### Your instructions
Only the lines in the entries below from the line with "5年生は総合的な学習の時間で" to the line with "Heavy-Duty Performance and", both included, belong in the answer, transcribed exactly and without pictures.

### Data section
+---+

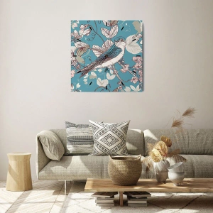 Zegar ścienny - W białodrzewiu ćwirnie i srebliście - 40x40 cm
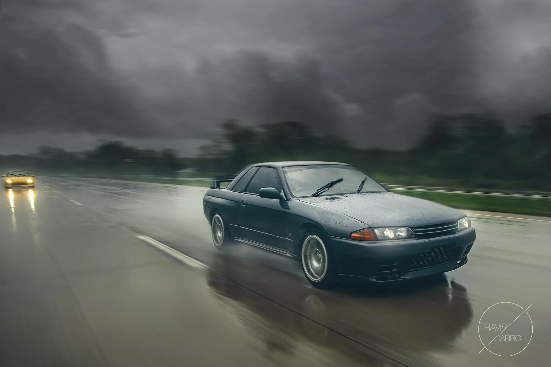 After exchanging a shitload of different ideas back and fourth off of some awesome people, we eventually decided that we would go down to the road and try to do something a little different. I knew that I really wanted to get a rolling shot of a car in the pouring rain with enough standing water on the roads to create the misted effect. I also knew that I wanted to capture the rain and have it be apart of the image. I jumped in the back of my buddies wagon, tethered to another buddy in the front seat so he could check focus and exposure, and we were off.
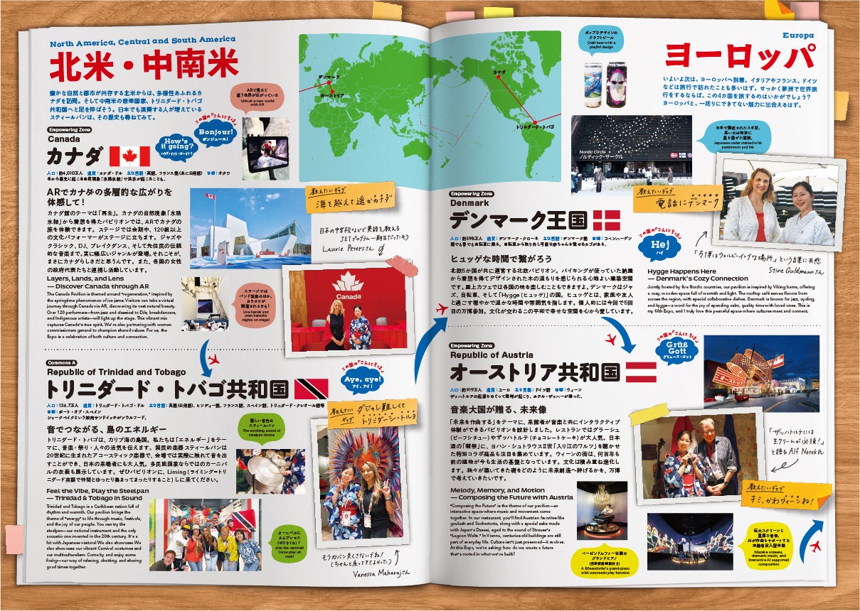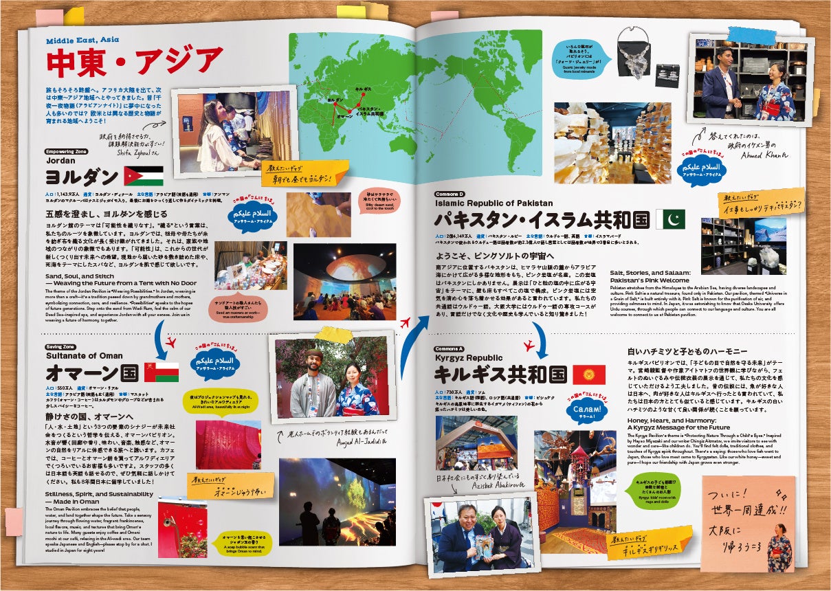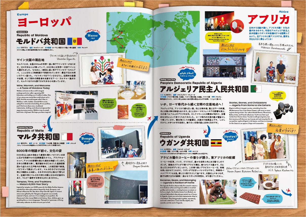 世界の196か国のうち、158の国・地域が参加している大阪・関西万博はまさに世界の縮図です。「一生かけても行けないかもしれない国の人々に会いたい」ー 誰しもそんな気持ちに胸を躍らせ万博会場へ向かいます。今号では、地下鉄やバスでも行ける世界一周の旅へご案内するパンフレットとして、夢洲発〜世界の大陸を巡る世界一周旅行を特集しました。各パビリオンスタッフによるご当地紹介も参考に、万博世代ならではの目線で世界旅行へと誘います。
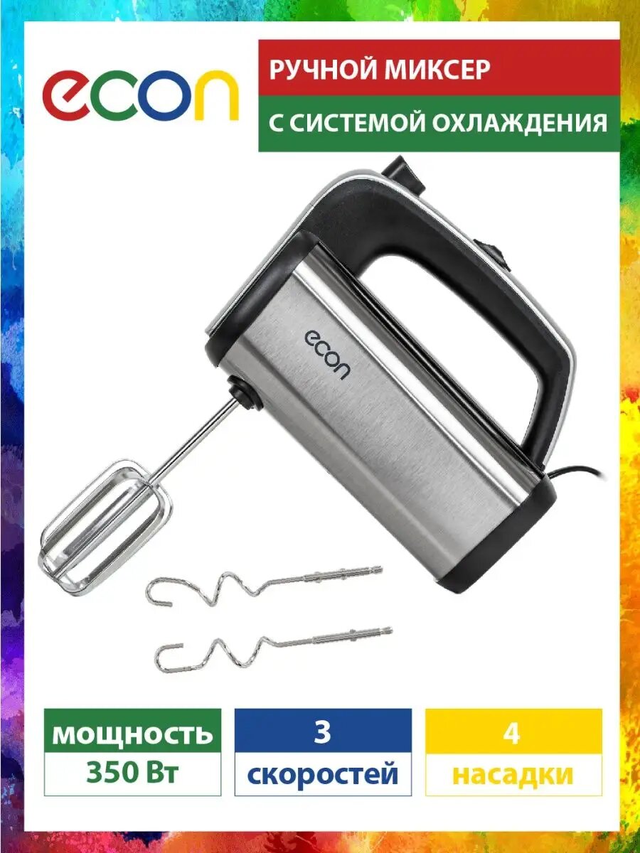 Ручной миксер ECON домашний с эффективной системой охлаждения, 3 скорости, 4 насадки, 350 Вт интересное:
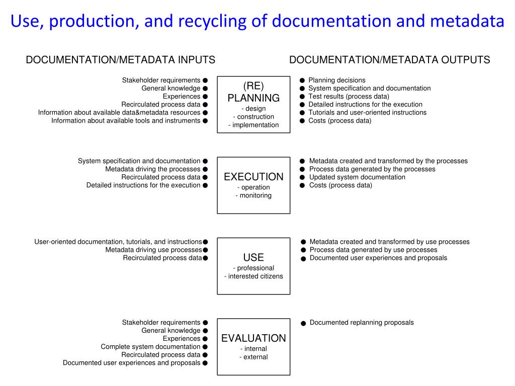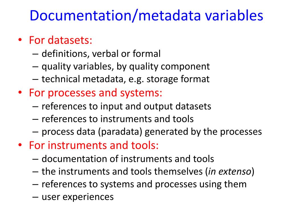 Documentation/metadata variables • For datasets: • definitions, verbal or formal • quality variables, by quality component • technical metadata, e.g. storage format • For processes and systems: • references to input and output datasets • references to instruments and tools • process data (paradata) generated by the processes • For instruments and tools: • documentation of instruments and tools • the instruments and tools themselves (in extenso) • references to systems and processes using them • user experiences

+---+

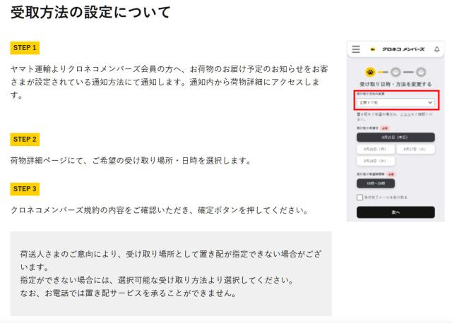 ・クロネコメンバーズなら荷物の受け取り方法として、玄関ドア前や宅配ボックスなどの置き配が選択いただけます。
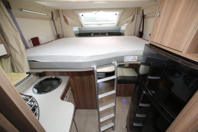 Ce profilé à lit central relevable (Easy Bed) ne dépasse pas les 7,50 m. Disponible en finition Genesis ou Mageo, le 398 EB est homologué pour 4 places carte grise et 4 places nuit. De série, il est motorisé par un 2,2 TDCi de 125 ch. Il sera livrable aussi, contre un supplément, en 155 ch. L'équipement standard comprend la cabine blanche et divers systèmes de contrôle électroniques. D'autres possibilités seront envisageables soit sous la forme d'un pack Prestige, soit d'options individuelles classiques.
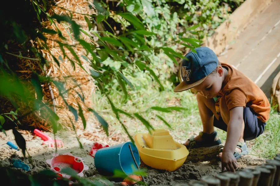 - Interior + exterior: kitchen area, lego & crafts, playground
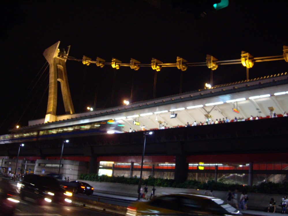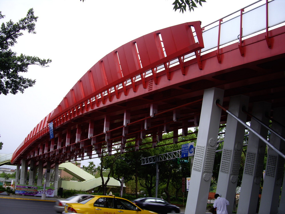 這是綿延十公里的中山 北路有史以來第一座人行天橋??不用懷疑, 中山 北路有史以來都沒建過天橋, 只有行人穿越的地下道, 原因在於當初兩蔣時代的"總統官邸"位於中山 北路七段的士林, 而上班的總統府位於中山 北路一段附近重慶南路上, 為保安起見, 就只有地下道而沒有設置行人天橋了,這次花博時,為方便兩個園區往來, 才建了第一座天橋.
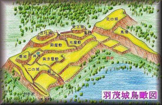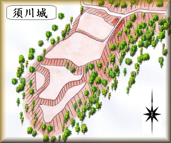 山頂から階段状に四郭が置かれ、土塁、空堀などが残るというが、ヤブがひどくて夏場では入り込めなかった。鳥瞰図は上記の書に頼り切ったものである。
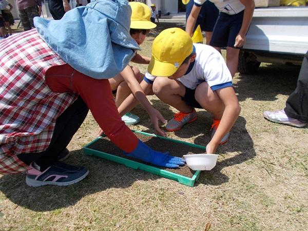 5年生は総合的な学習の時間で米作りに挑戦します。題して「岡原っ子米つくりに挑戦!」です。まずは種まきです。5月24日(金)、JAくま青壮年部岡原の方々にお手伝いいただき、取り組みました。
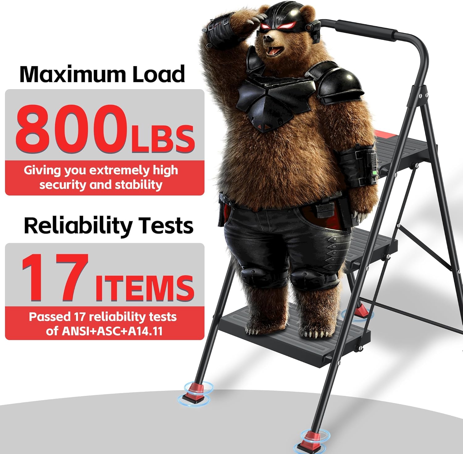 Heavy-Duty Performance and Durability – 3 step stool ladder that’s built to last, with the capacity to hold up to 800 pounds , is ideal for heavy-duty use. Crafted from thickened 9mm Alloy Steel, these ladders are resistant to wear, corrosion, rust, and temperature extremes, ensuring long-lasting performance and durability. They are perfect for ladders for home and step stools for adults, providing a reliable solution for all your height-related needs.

+---+

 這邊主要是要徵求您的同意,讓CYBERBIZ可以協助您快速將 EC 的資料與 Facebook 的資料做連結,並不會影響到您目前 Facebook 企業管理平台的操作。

+---+

### Response to the exercise
 5年生は総合的な学習の時間で米作りに挑戦します。題して「岡原っ子米つくりに挑戦!」です。まずは種まきです。5月24日(金)、JAくま青壮年部岡原の方々にお手伝いいただき、取り組みました。
 Heavy-Duty Performance and Durability – 3 step stool ladder that’s built to last, with the capacity to hold up to 800 pounds , is ideal for heavy-duty use. Crafted from thickened 9mm Alloy Steel, these ladders are resistant to wear, corrosion, rust, and temperature extremes, ensuring long-lasting performance and durability. They are perfect for ladders for home and step stools for adults, providing a reliable solution for all your height-related needs.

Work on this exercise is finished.